Currently it is impossible to determine the optimum outcome measure for use in clinical trials of OAB. Endpoints should focus on changes in urgency, with or without other symptoms, and QoL, which, if combined, might adequately cover all key aspects important to patients. If a single composite endpoint can be agreed and adopted for use by all clinical trials, this would significantly help to harmonise the reporting of trial data, and remove the current confusion created by individual symptom reporting.
Several of the following key issues must be resolved before this advance can be made.

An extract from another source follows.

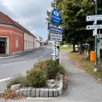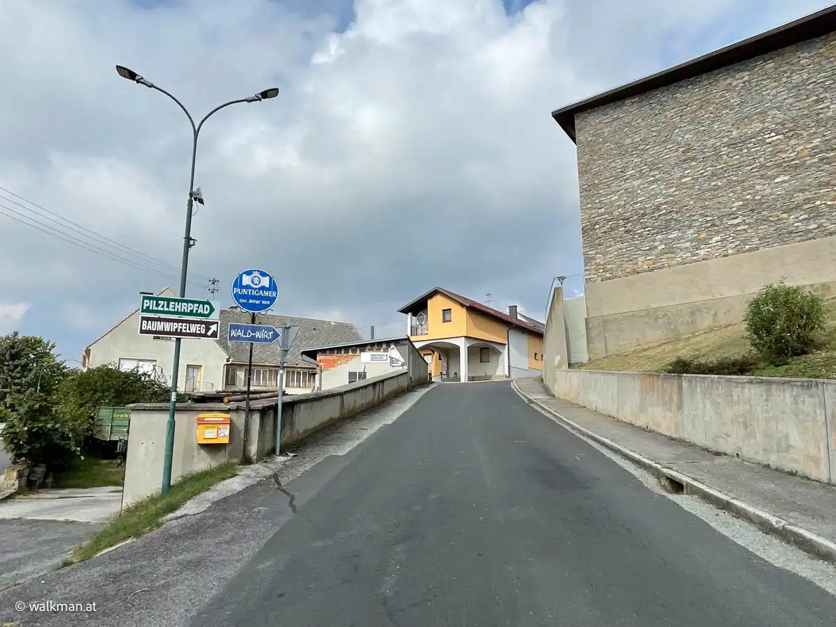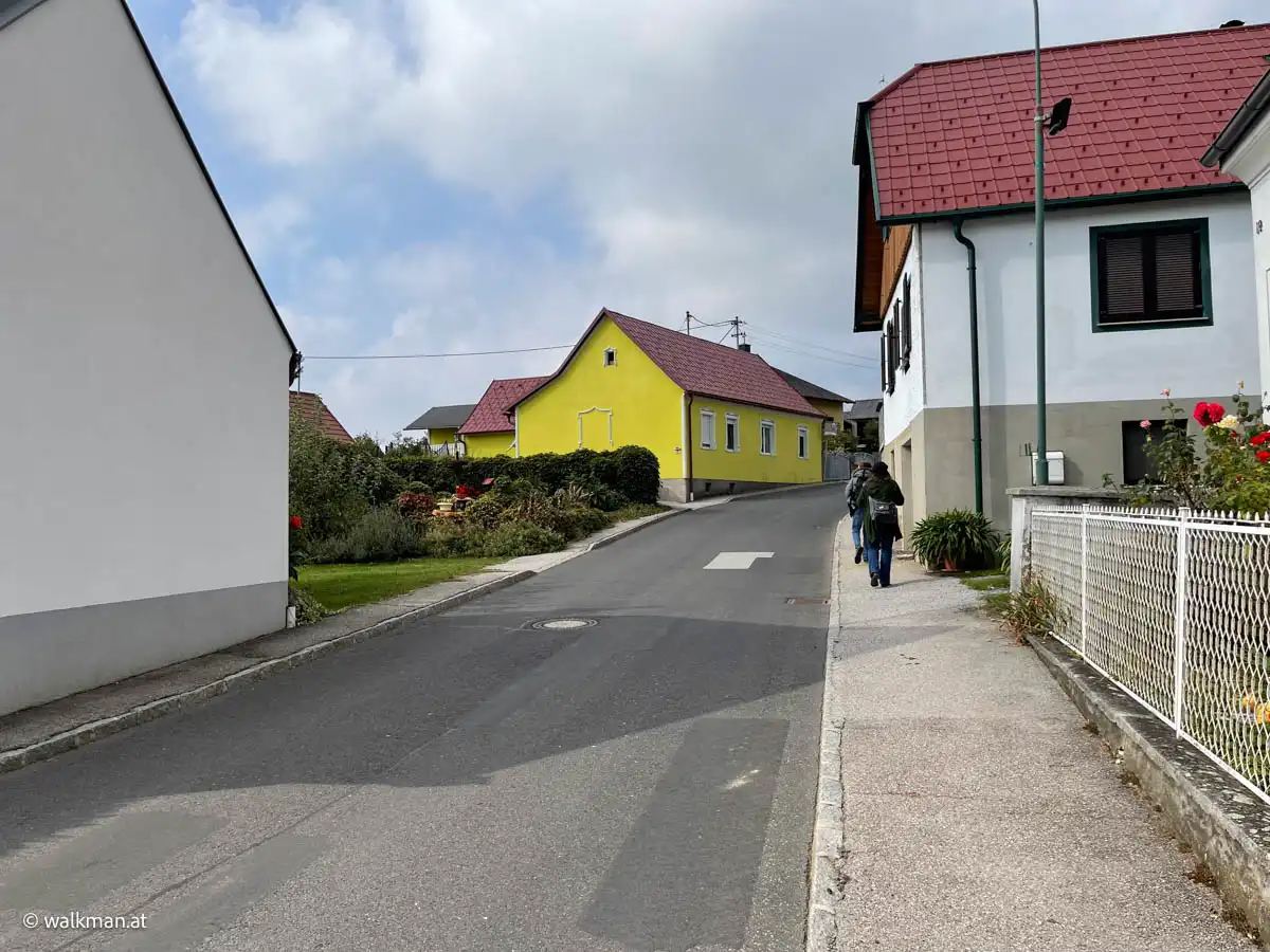 Und genauso war‘s dann auch. Das Wetter war perfekt an diesem Herbsttag. Nicht zu warm, nicht zu kalt und auch der Wind hielt sich in Grenzen. Also packten wir unsere sieben Wandersachen und fuhren los, Richtung Markt Neuhodis, unserem Startpunkt. Am Weg noch kurz beim Billa stehen geblieben, Jause gekauft, und bald hatten wir auch einen Parkplatz gefunden im Ort.

The first is the development of a definitive method to measure urgency, and an agreement by the ICS and developers of clinical trials to use a unified approach for assessment of urinary urgency. A critical limitation of our current knowledge is that there has been very little investigation into the most valid and relevant tool to measure urgency, the most difficult symptom of OAB to measure reliably . The final agreed method must be simple, reproducible and reliable. Second, there must be agreement on the role and importance of disease-specific QoL in assessing the outcome. Assessing QoL alone might be the sole outcome measured, as improvement from the patient perspective is the ultimate aim of treating benign conditions; however, there will always be a need to understand how therapy affects individual symptoms and there is evidence that other measures beyond QoL also need to be assessed to accurately capture treatment-induced improvements . Finally, it remains to be seen whether a composite endpoint including symptoms other than urgency improves the performance of the outcome measure, and agreement needs to be reached on which symptoms (frequency, nocturia, incontinence) should be included, and how they should be optimally assessed.
Establishing which definition is the most appropriate to capture treatment-related changes in OAB will require further investigation. However, it is clear from this analysis that the use of a composite clinical endpoint is a valid approach when assessing OAB symptom changes. The composite endpoints presented here might be considered as a good starting point to base such a measure, accurately reflecting the current ICS definition of OAB, and having been shown to mirror changes in QoL. Further research will be required to establish the most effective measure of treatment efficacy in terms of patient outcomes.